The message received was “Apple believes you are being targeted by state-sponsored attackers who are trying to remotely compromise the iPhone associated with your Apple ID.” An email, with the subject line titled “ALERT: State-sponsored attackers may be targeting your iPhone”, went on to provide, “These attackers are likely targeting you individually because of who you are or what you do. If your device is compromised by a state-sponsored attacker, they may be able to remotely access your sensitive data, communications, or even the camera and microphone.” It further urged the recipients, “While it’s possible this is a false alarm, please take this warning seriously.”

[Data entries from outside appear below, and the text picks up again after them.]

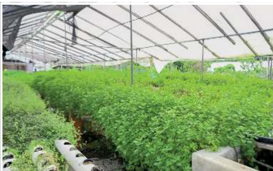
Agricultural yield at the CV Farm

production. "We will further support this. This
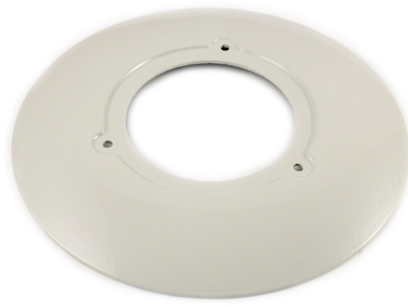
Grey Reflector AD.63
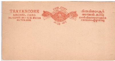
A mint 8 cash Anchal card of Travancore state of 1889

Travancore State, the southern part of the present Kerala state, occupies the southwest part of the Indian Peninsula. Bounded on the north by Cochin and British India, on the east by western Ghats and British India, on the south by Indian Ocean and on the west by Arabian Sea. The state had a progressive administration, it had its own postal system known as the "Anchal". Travancore had treaty with neighbouring princely state of Cochin whereby interstate mails could be exchanged and delivered. For posts, outside Travancore and Cochin, imperial post offices were used.
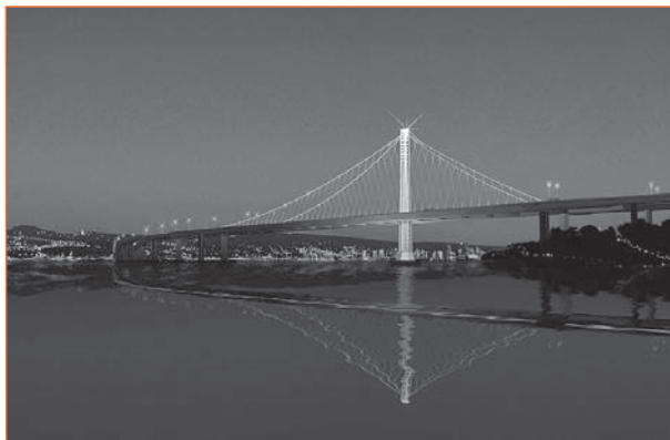
Pictured above is a rendering of the proposed San Francisco Oakland Bay Bridge

The wire rope suspenders and cables that WireCo® WorldGroup will engineer for this project include 75mm and 90mm wire rope suspension hangers, which connect the floating bridge box girders and the tower. As a result, the SAS will be the first suspension bridge engineered to require no connection between the tower and the deck. In addition, the company will supply the hand rope assemblies that allow access to the 2.56-foot diameter main cable. WireCo® WorldGroup's proven quality record and reputation was critical to this contract award where there can be no compromise in the engineering and manufacturing of precise lengths and tolerances, and the equally important critical delivery schedules.
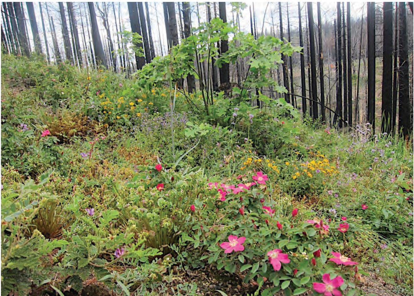
Rim fire 2013, Stanislaus National Forest, D. Bevington

Unfortunately, after quick and often large-scale implementation of biomass energy production in Europe and parts of the U.S., studies are revealing
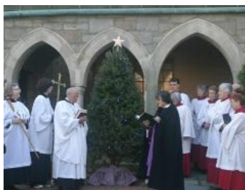
Tree of Remembrance
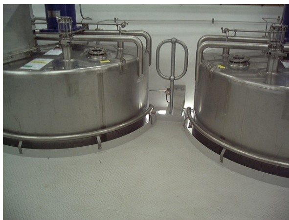
Site upgrades increase existing production

Existing operations can be enhanced by examining plant for changes that will improve productivity and/or flexibility
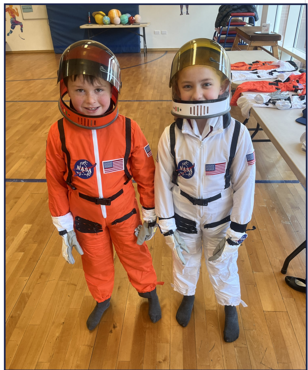
Photo of the Week: It has been STEAM Week this week, with the children finding out and exploring space!

Head's Challenge: I fill a room, but I take up no space. What am I?
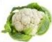
Cauliflower 40% protein
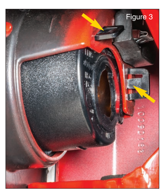
With the bulb and socket removed, locate the two housing retaining tabs (Fig 3) and gently pry with a small flatblade screwdriver outwards to release
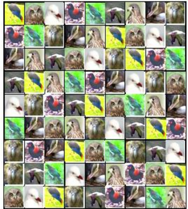
Answer to previous Sudoku puzzle
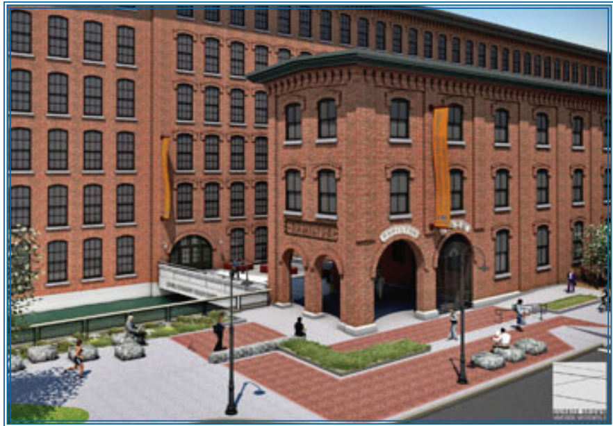
An exterior view of Lowell's new facility.

will expand operating hours and the range of health care services offered, including specialty medical care. LCHC will also integrate behavioral health services with primary care, and expand community outreach services and training programs. The health center is expected to have a more visible presence in the city with this new flagship facility.
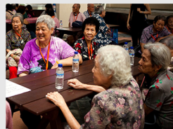
Corporate Social Responsibilities
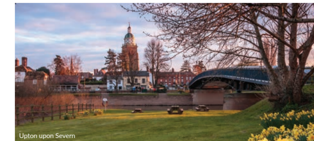
Upton upon Severn
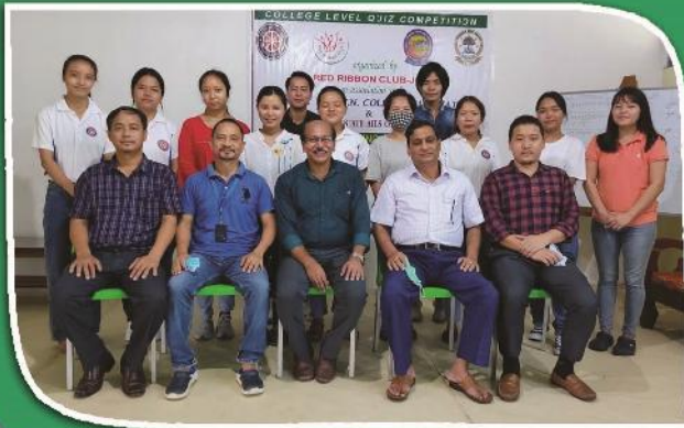
College Level Quiz Competition: Organizers with Winners
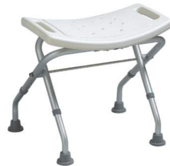
➤ BT422: Aluminum Foldable shower chair
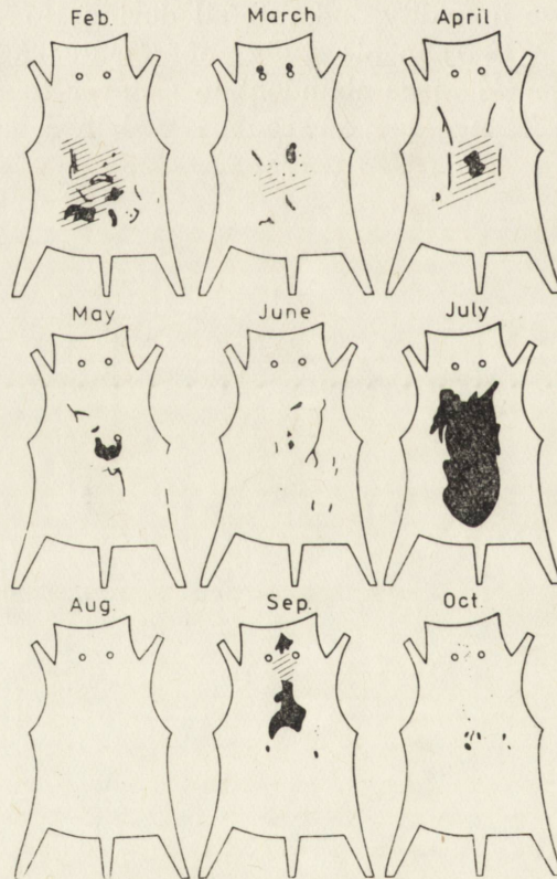
Fig. 2. Moulting in Allactaga euphratica . Typical picture of the inner side of the skin in different months.

Fig. 3 shows the moulting in Jaculus jaculus . No moulting was observed during all the months except in September and October.
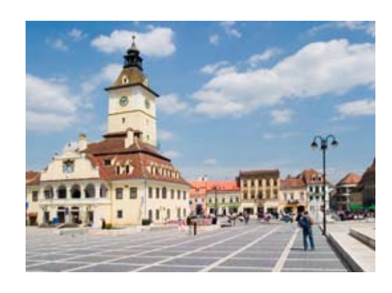
For more details, and for information on submitting abstracts, please visit http://conat.unitbv.ro
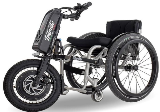
16" wheel with spokes
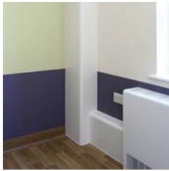
pipe boxing 5-7
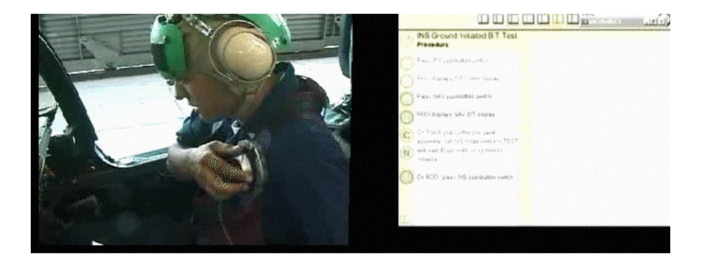
Figure 4: Participant turning dial to navigate through INS Bit Test Task in F/A-18 cockpit (what he sees is Interface B on the right side of this figure).

Figure 4 illustrates the view each participant began with for the INS Bit Test task while using Interface B. As the participant turned the dial, different steps in the procedure would be highlighted. Navigational problems often were associated with the I/O device For example, an expert maintainer experienced confusion when he turned the dial too quickly "Think I went too fast for the dial. I'm going through a bunch of steps trying to catch up. I think I went too far. All right. I've got it now. Next page..." (P001) Other problems arose from maintainers being unsure about how to go backwards and forwards. To get a clearer sense of the navigational experience of participants using Interface A, please use the accompanying CD and see ONR_7_UseofLink_WUI.mov. In this instance, the participant cannot determine how to get to the term "here" to accomplish a link and asks the experimenter for advice about where to click.
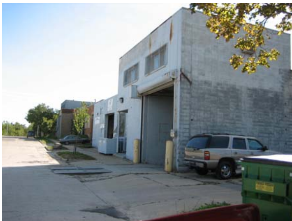
Metal Processing Company's facility on N. 32nd Street
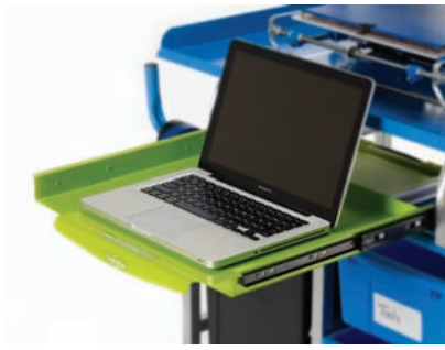
Sliding laptop tray
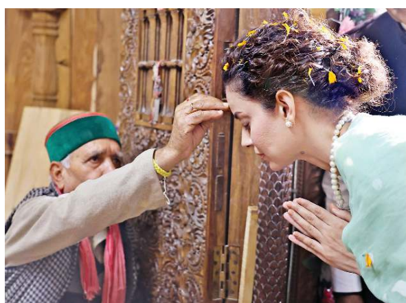
BJP candidate actor Kangana Ranaut during a visit to Bhimakali temple, in Mandi, Monday.

Actor Kangana Ranaut, who is the BJP candidate from Mandi Lok Sabha seat, on Monday said Congress leader Rahul Gandhi does not know the definition of democracy.
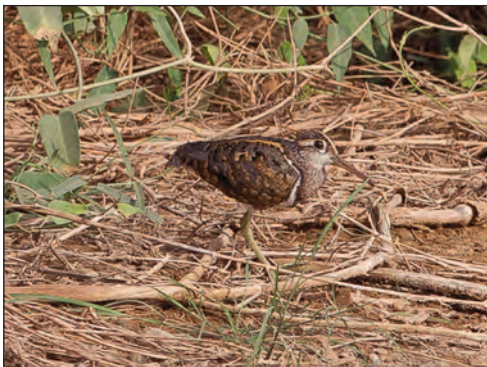
Plate 14. Greater Painted-snipe Rostratula benghalensis 30 June 2015, Sabya waste water lagoons, Jizan province, Saudi Arabia.
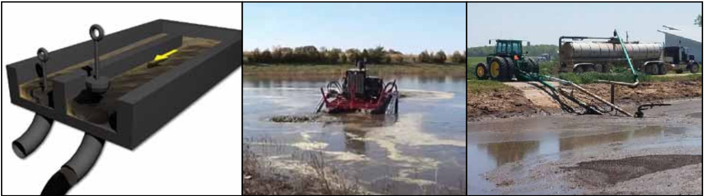
Energy is used when slurry is pumped from the barn to the outdoor storage facility (left), when slurry is agitated in the storage facility (middle), and when slurry is loaded and transported for field application (right).

Manure pits in barns not only collect manure, but water wasted by pigs from drinkers and water used for cleaning. While we require some liquids to move the manure from the barn to an outdoor storage facility, slurry can include approximately 40% clean water wasted from drinkers. This is more water than required for easy flow, rather increasing wastage and manure produced.
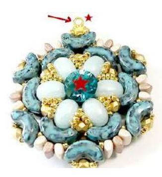
26) Glue your 8 mm rhinestone and place your Pendant clasp in the Cymbal.
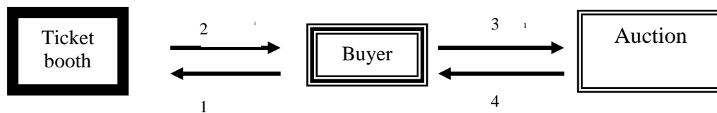
Figure 1 Authentication protocol

(2) Since only a single user and a single auction service share the session key, any message is encrypted and securely transmitted. It provides authentication at the beginning of the communication, then all further communication are assumed to come from the authenticated entity. It also provide authentication and encryption for each message sent from one entity to another. With an asymmetric key system, it also provides encrypted communication between users and auctions. Overall, it takes four steps for a buyer to place a bid in any single auction. Figure 1 illustrates the four steps.
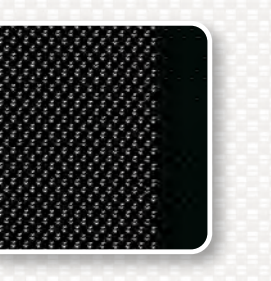
Black Cloth (BC)

These alert messages and email had been received by multiple opposition leaders, including Mahua Moitra (All India Trinamool Congress), Priyanka Chaturvedi [Shiv Sena (Uddhav Balasaheb Thackeray)] Raghav Chadha (Aam Aadmi Party), Sitaram Yechury [Communist Party of India (Marxist)], and Shashi Tharoor (Indian National Congress) amongst others. It was also sent to several journalists, including Siddharth Varadarajan, (founding editor of The Wire), Sriram Karri (resident editor of Deccan Chronicle) and Ravi Nair, journalist at Organized Crime and Corruption Reporting Project (OCCRP).

The recipients of the above mentioned alerts had taken to ‘X’ (formerly Twitter) to express their shock at being targeted in such a manner. TMC MP (Member of the Parliament) Mahua Moitra had alleged that the Indian government was trying to hack into her phone.  “Received text & email from Apple warning me Govt trying to hack into my phone & email. @HMOIndia – get a life. Adani & PMO bullies – your fear makes me pity you”, the Lok Sabha member had written on ‘X’.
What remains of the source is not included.